Gueorgui Pinkhassov was born in Moscow in 1952. Having worked as a photographer since the late 1970s, he moved to Paris in 1985. Belonging to both worlds on either sides of the vanished Iron Curtain, Pinkhassov produced a particularly poignant visual study of Moscow in 1993. Camera in hand, he followed the path of unknown pleasures to discos, casinos, hotels and gay clubs. Bathed in red, green and blue light, or in the midst of smoke and lasers on the dance floor, Pinkhassov’s subjects appear self-absorbed and static, stolen from the brief nature of the moment.
"I met all kind of fascinating characters and subcultures, and felt the new powerful wave of youthful energy, vitality and passion which amplified social change"
- Gueorgui Pinkhassov
Pinkhassov is widely known for his outstanding work with light, which can transform the most mundane scenes into nothing short of classic tableaux. His shots of a gay couple embracing at the disco or of a crowd watching fireworks in Red Square are indeed much more than just documentation — but an insight into global history and the nature of the Russian mind.
The photographer’s deep connection with art and film has always been a major influence in his photographic work. “With the deepest respect to all my colleagues at Magnum, I still have the most interest in its founders, particularly the personality of Henri Cartier-Bresson. I feel close to him because he, just like me, started as an artist, and wasn’t planning to be a reporter. The circumstances, and the passion to witness the world around him brought him to this role”, he says.
“I first heard the name of Cartier-Bresson from Andrei Tarkovsky. In the beginning of my artistic journey Tarkovsky liked my photographic work, but when we met in person he referred me to the example of Henri Cartier-Bresson, who I wasn’t aware of the time. ‘Time changes fast, Tarkovski said, it won’t always be like now, photograph while you have a chance’. I couldn’t ignore this advice from someone I considered my guru, although at the time I didn’t want to film reportage or look into private lives of other people. He was right, the world changed quickly. Who could have thought that the Soviet Union would disappear, and all the communications would change so quickly. When we look at these photographs today, we see this life as something exotic”.
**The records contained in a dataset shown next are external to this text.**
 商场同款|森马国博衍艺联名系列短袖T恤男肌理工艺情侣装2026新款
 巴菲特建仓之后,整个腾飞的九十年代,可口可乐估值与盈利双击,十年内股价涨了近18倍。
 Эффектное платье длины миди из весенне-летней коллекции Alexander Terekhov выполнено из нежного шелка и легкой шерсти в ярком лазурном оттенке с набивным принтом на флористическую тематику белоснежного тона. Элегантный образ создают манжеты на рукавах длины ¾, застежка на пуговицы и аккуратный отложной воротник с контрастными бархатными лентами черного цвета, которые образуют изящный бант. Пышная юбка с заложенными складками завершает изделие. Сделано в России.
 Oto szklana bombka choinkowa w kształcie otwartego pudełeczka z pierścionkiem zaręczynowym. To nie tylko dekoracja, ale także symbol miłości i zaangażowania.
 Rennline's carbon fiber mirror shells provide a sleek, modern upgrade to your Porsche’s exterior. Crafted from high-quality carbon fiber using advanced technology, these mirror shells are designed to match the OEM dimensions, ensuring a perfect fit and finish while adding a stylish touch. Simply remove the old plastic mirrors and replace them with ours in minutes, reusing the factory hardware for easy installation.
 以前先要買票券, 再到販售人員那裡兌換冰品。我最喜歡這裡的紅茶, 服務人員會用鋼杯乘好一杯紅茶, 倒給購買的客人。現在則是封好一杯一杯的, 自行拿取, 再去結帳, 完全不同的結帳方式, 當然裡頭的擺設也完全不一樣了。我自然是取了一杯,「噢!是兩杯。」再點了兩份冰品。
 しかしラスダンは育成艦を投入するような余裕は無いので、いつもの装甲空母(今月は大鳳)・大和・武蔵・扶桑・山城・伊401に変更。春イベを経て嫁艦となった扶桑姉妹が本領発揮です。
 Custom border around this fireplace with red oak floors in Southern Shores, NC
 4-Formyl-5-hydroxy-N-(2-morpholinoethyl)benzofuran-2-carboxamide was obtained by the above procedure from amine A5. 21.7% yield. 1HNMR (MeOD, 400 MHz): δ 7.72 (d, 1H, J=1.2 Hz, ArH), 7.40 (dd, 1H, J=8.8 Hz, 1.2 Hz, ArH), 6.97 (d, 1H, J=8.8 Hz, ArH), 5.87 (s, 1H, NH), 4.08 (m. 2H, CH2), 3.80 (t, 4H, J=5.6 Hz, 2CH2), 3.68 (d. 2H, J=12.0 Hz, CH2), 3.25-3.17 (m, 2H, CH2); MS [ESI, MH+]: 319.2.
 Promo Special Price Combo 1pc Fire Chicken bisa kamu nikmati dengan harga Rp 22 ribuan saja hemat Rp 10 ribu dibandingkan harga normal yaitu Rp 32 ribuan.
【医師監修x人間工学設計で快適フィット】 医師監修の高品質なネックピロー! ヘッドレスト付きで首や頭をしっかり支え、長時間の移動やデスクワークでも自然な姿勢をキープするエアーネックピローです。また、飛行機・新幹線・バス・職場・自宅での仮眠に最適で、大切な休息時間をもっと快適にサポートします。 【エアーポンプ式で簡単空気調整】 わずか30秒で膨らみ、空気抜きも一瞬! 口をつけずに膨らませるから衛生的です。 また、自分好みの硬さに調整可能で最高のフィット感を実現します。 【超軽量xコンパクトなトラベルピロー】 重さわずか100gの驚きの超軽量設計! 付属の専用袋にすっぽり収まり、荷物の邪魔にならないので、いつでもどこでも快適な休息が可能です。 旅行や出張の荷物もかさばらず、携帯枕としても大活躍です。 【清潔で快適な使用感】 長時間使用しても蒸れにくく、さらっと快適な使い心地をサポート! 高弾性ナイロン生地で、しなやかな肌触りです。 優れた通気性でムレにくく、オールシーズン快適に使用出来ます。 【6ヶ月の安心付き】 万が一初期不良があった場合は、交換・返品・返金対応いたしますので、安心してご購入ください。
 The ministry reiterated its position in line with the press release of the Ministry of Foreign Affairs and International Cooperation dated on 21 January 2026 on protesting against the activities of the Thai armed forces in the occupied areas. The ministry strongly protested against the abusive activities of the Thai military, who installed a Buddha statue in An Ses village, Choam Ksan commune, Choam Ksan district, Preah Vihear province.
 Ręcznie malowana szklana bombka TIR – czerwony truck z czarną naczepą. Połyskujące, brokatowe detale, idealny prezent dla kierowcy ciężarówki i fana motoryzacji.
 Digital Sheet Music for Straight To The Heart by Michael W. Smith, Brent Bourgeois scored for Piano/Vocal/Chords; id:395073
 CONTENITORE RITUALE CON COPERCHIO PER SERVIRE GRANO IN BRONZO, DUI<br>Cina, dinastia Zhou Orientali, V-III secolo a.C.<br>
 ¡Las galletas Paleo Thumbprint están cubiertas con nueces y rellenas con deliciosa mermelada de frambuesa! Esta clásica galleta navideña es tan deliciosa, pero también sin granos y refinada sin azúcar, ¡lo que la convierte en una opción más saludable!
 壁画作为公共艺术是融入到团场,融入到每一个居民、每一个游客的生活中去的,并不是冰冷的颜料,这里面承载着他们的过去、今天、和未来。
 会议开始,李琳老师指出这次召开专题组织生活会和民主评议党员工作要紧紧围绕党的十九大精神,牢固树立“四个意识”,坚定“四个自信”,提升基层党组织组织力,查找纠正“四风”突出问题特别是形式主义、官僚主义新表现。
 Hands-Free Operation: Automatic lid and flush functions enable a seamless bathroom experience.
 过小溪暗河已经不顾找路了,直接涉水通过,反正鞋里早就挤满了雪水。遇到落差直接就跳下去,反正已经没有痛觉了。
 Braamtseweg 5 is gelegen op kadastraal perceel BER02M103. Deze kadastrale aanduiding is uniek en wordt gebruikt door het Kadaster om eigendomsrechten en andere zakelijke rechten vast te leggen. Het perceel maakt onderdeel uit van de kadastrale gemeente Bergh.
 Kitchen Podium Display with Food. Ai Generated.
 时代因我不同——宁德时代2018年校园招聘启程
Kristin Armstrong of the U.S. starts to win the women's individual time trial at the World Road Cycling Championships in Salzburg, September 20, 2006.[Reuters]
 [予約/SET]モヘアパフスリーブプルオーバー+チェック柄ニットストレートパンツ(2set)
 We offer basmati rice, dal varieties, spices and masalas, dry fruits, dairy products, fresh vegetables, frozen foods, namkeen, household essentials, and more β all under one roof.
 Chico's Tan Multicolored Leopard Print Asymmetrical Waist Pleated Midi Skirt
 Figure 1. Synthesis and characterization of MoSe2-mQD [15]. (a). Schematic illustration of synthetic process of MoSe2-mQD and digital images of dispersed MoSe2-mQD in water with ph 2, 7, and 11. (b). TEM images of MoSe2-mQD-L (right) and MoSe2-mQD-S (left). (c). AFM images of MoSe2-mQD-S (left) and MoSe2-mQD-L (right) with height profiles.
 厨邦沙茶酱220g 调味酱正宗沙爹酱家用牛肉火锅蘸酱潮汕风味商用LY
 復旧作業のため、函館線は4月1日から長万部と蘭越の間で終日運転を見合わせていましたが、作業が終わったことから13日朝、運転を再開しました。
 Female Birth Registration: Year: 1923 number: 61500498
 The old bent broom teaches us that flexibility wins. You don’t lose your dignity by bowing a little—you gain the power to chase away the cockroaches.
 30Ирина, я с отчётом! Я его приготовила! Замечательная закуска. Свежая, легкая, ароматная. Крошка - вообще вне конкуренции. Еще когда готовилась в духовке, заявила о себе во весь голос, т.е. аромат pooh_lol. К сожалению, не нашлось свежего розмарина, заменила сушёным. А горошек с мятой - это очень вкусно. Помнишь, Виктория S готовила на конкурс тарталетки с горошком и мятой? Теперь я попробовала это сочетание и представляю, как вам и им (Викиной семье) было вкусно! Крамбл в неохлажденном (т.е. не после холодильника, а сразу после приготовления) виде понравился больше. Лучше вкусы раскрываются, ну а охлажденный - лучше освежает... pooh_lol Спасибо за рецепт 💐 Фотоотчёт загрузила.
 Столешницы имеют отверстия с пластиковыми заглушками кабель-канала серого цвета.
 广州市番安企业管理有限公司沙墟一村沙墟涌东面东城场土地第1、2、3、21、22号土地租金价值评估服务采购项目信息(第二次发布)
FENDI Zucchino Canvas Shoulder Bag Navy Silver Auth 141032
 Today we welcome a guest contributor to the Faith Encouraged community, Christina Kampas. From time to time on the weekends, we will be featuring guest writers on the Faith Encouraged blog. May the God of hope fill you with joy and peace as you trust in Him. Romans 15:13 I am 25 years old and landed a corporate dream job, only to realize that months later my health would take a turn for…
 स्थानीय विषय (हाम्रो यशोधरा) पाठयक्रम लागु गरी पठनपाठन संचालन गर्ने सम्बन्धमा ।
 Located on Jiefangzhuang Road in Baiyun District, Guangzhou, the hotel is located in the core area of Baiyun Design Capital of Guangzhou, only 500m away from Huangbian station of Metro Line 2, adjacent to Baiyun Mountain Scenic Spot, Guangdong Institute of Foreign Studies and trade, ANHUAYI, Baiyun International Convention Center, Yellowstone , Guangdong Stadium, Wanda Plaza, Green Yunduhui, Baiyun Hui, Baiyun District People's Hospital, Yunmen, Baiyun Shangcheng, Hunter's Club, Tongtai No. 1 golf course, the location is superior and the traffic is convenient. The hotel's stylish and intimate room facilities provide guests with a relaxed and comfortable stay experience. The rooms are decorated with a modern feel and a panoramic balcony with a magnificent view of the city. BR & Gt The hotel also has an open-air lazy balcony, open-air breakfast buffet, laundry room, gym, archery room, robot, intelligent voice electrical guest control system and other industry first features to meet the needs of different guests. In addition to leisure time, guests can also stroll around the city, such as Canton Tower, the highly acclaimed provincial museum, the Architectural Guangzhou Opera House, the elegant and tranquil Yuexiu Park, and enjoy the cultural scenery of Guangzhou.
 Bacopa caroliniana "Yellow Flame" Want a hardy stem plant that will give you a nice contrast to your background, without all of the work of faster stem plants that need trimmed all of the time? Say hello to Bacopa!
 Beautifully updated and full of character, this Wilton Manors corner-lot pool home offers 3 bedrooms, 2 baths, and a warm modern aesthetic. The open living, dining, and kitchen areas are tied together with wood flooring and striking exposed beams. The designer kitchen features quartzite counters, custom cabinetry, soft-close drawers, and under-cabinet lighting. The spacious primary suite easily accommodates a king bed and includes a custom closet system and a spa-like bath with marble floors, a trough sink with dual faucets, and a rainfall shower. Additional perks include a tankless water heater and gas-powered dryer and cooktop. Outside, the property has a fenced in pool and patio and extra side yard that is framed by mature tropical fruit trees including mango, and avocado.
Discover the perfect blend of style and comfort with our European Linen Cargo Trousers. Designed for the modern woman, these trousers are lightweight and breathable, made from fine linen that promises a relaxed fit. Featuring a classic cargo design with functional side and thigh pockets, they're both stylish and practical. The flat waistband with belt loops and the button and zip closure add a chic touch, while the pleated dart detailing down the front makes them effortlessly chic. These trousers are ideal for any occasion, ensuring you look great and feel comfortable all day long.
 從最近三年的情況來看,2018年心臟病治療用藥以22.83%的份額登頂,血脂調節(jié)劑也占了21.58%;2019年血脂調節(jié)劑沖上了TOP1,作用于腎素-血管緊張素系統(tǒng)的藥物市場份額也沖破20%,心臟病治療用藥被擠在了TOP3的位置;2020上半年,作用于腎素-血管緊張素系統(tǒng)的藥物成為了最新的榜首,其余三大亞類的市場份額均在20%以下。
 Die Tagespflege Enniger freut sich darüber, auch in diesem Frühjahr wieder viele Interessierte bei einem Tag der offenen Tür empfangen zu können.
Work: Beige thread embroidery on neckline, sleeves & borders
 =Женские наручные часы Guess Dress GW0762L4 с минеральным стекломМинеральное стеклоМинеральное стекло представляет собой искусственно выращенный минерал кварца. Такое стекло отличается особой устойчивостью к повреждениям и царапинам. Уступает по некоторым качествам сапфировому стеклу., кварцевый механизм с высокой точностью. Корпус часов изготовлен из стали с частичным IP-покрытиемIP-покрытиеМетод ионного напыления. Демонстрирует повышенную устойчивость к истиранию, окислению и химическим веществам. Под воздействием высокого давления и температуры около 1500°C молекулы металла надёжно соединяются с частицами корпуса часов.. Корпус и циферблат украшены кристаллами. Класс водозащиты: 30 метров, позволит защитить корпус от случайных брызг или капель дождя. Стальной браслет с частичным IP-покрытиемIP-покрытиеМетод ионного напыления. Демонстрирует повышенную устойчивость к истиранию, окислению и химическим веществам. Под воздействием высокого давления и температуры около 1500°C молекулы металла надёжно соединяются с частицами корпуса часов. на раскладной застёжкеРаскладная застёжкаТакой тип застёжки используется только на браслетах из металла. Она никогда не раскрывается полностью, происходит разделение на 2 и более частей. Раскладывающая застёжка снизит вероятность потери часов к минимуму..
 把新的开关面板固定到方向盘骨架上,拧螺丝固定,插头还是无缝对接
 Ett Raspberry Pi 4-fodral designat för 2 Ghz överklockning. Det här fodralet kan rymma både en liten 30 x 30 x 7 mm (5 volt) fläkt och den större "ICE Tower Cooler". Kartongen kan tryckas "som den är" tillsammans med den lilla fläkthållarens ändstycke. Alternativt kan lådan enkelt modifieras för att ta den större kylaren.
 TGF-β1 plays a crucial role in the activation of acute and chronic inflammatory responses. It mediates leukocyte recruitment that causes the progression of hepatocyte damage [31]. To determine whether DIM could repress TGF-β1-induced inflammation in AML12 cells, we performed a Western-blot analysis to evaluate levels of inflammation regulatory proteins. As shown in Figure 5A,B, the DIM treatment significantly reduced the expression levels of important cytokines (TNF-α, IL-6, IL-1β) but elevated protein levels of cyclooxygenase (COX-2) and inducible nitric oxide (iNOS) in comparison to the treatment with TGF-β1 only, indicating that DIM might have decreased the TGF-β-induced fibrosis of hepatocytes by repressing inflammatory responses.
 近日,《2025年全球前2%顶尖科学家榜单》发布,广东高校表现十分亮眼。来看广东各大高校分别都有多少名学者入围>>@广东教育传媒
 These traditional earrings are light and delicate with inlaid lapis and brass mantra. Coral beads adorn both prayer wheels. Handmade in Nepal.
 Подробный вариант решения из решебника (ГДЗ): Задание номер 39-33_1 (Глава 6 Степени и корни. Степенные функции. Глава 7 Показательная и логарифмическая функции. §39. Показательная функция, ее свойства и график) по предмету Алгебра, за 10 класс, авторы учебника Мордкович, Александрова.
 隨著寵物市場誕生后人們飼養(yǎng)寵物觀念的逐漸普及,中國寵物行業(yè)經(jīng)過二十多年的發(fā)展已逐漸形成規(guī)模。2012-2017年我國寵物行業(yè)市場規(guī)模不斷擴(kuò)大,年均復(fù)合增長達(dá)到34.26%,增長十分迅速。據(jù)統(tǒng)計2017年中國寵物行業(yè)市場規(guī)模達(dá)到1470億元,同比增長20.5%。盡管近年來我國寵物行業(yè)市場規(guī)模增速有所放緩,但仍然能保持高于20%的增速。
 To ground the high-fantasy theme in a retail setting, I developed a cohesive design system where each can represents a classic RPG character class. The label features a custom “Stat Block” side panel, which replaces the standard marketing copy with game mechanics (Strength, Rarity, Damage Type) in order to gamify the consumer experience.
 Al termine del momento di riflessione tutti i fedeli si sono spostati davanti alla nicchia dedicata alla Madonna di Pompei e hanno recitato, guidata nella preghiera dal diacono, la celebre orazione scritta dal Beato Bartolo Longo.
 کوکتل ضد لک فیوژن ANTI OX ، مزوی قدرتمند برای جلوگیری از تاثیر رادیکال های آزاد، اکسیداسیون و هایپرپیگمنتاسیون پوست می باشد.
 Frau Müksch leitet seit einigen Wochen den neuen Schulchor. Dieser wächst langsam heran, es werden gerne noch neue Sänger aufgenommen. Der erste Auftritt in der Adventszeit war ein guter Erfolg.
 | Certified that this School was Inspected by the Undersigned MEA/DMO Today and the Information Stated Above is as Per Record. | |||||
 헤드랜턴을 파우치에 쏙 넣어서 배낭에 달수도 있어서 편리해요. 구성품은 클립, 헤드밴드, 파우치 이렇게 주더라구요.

Composing his portrait of the decade, Pinkhassov photographed creative pioneers who emerged in the 1980s underground, and each found a different path in the new world of the ‘90s. Artist Garrick Vinogradov is photographed at his studio; while Vladislav Mamyshev-Monroe appears in a few shots from the lavish Metropol Hotel dressed as his frequent alias Marilyn Monroe; and musician Boris Grebenshikov poses against the wall in the bright sunlight with his daughter.
At the same time, Pinkhassov’s photographic quest was not limited to the nightlife and bohème. He captured the streets, squats, train stations, offices, and even the monetary stock exchange to reflect the greater complexity of the times. 1993 saw the White House burning during the constitutional crisis, food shortage in stores, critical level of unemployment and an overarching economic crisis. And although the viewer is aware of the underlying darkness, Pinkhassov’s images still have an air of nostalgia. Both the bright colours of foreign advertising and a striving for glamour would become a permanent fixture in Russian culture in the decades to come — but through Pinkhassov’s lens we still see newness, clarity and wonder.
Anastasiia Fedorova is a writer, curator, cultural critic based in London.